Solution: \( \rho_f=\frac{F_b}{gV}=\frac{50}{9.81\cdot 5\times 10^{-3}}\approx 1.02\times 10^{3}\ \mathrm{kg\,m^{-3}} \).

Problem 17: A submarine adjusts its buoyancy by pumping water. Explain.

Solution: Taking in water raises average density so \( W>F_b \) (descend); expelling water lowers it so \( W

Problem 18: Why is Archimedes’ principle valid for irregular shapes?

Solution: Hydrostatic pressure depends only on depth; integrating over the surface gives \( F_b=\rho_f g V_{\text{disp}} \) independent of shape.

Problem 19: Estimate \( GM \) for a barge if the center of buoyancy shifts laterally by \(0.1~\mathrm{m}\) at a heel of \(5^\circ\).

Solution: For small angles, \( BM\approx \frac{\Delta x}{\tan\theta} \approx \frac{0.1}{\tan(5^\circ)}\approx 1.15~\mathrm{m} \).

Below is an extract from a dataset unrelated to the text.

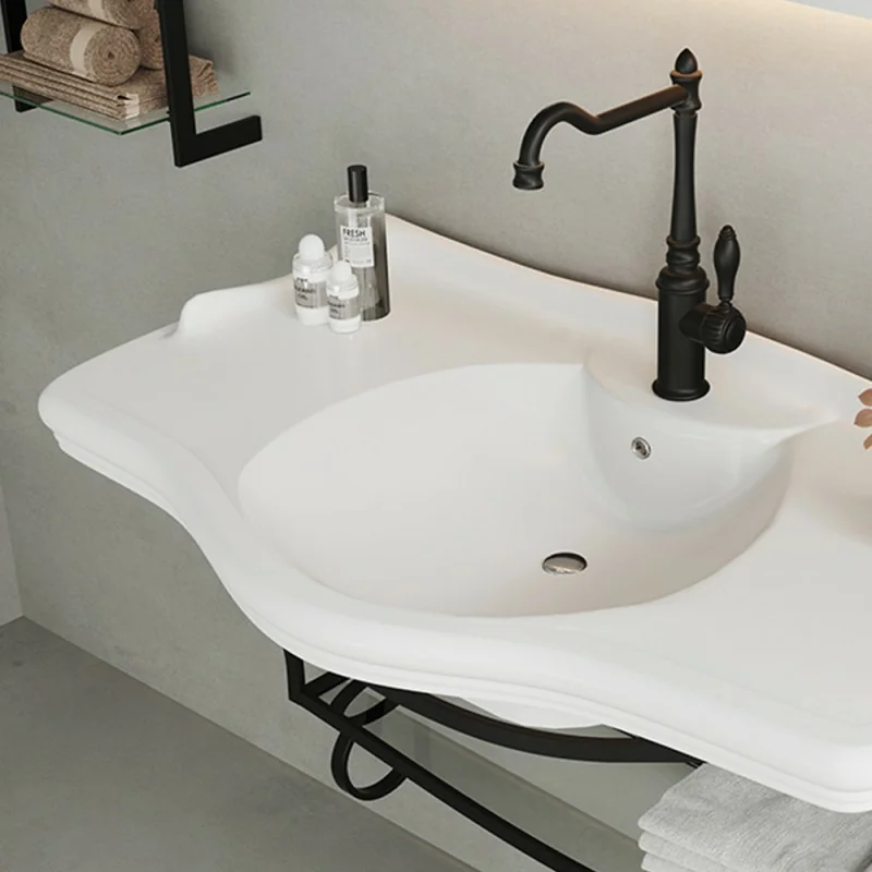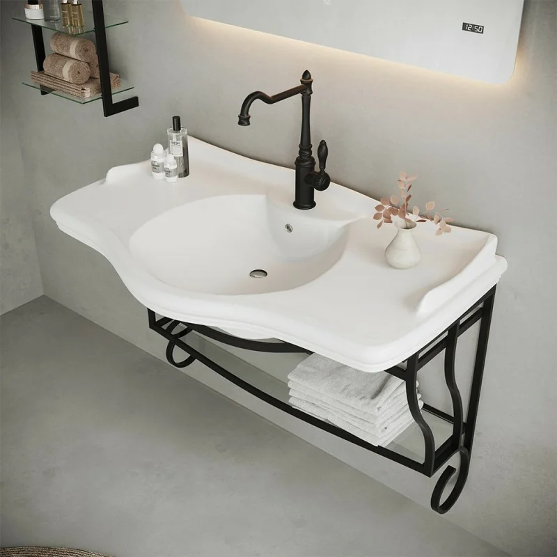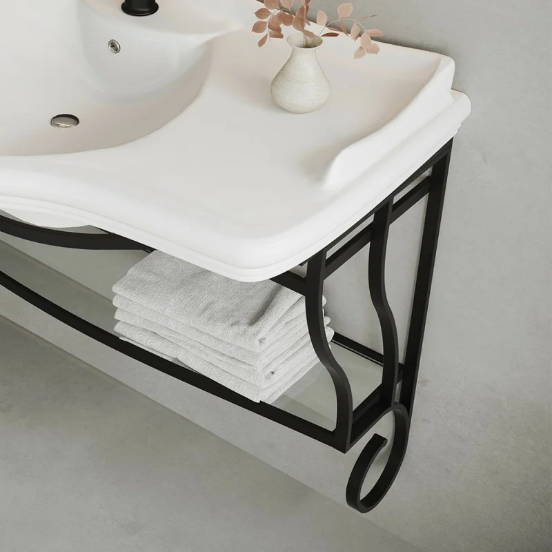 Il lavabo è realizzato in ceramica di primissima scelta,completo di foro per miscelatore e troppo pieno,dotato di ampi spazi ai lati della vasca,utili per poggiare complementi d’arredo. Il lavabo è sorretto da una struttura sospesa,in metallo con finitura nero opaco,perfezionata da un comodo ripiano portasciugamani e porta oggetti.

Then \( GM=BM-BG \) once \( BG \) is specified.

Problem 20: A material of density \(500~\mathrm{kg\,m^{-3}}\) is placed in liquid of \( \rho=1200~\mathrm{kg\,m^{-3}} \). Will it float?

Solution: Yes. Submerged fraction \(=\frac{\rho_{\text{obj}}}{\rho_f}=\frac{500}{1200}=0.417 \) (about \(41.7\%\)).